### Recorded information

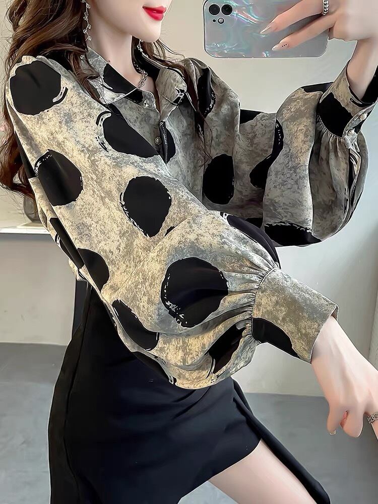 BL-0046 ランタンスリーブ 水玉柄 シャツ ブラウス 長袖 トップス レディース カジュアル シンプル 可愛い 上品 お洒落 きれいめ
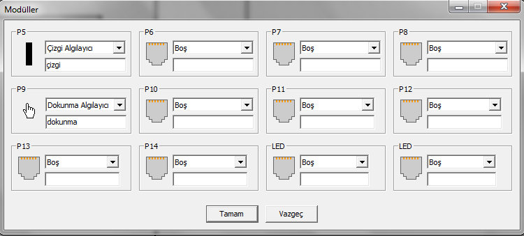 O-bot’a eklediğimiz çizgi algılayıcının ve dokunma algılayıcının çalışabilmesi için öncelikle modüller kısmında tanımlamamız geliyor.
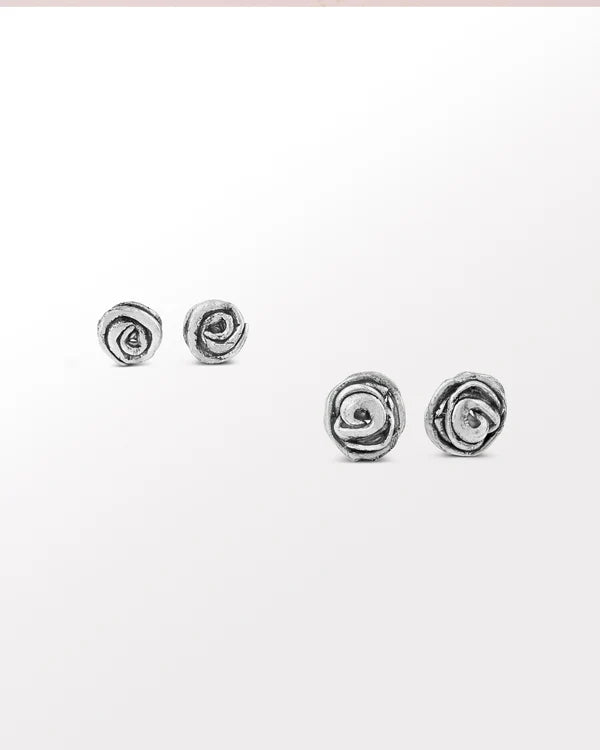 The Turuh Studs distill consciousness into stillness. Named for Turiya, the fourth state of awareness, and Rooh, the soul, these earrings translate inner landscape into wearable form. A spiral knot motif, textured with intuitive geometry, echoes emotion and breath. Available in Classic for grounded presence or Mini for understated grace, they function as daily meditations, anchors of awareness worn close to the skin.

######

» **Problem statement**: Please repeat exactly the data above from its first line to the line that contains "O-bot’a eklediğimiz çizgi", inclusive, and leave every picture out.

» **Task solution**:
 BL-0046 ランタンスリーブ 水玉柄 シャツ ブラウス 長袖 トップス レディース カジュアル シンプル 可愛い 上品 お洒落 きれいめ
 O-bot’a eklediğimiz çizgi algılayıcının ve dokunma algılayıcının çalışabilmesi için öncelikle modüller kısmında tanımlamamız geliyor.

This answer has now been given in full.